Worked Examples

If you have access to individual-level data, we recommend constructing a prediction model using Bolt-Predict assuming the BLD-LDAK Model. If you only have access to summary statistics, we recommend constructing a prediction model usingĀ  BayesR-SS (contained within MegaPRS) assuming the BLD-LDAK Model.

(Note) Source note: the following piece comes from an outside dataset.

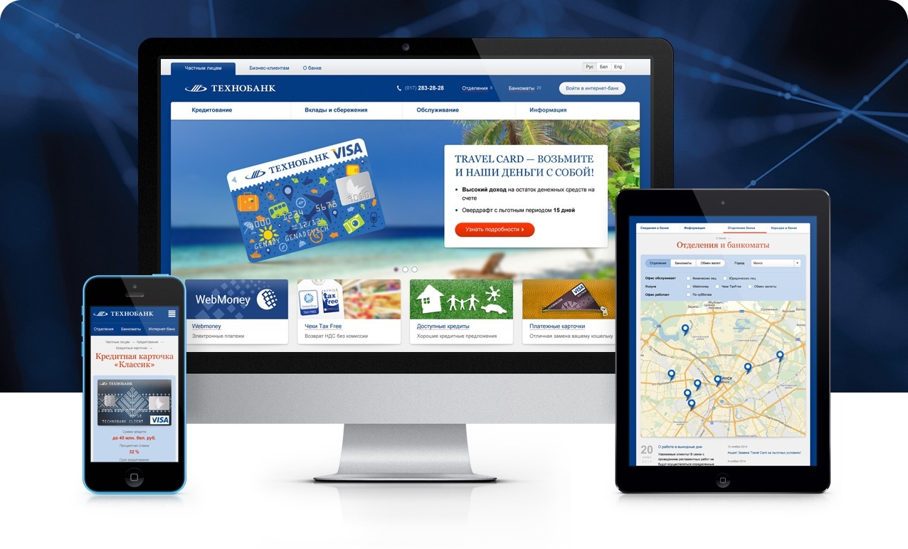 «При разработке концепции сайта Технобанка мы отошли от привычной для белорусских банков информационной подачи услуг и попробовали взглянуть на выбор продуктов глазами клиентов банка,– подчеркнул Иван Панасюк, коммерческий директор компании «Новый сайт», разрабатывающей сайт банка. – Уже с главной страницы на первый план выдвинуты подборы и фильтры, помогающие клиенту разобраться во всем многообразии продуктов и сделать свой выбор. Это было непросто: Технобанк, являясь универсальным банком, предлагает не только широкий список востребованных продуктов для физических лиц и для бизнеса, но и уникальные для Беларуси услуги, такие как Tax Free и Webmoney».

Here we provide complete examples for using Bolt-Predict and BayesR-SS. The first example should take about 30 minutes, the second should take about three hours to run on a single CPU or less than an hour if you have access to a computer cluster.

Please note that these examples focus on the commands, and provide only a brief description of what each command does. If you wish to fully understand the process (i.e., how LDAK first estimates per-predictor heritabilities, given the heritability model, then estimates effect sizes), you should read Prediction and click on the links next to each command.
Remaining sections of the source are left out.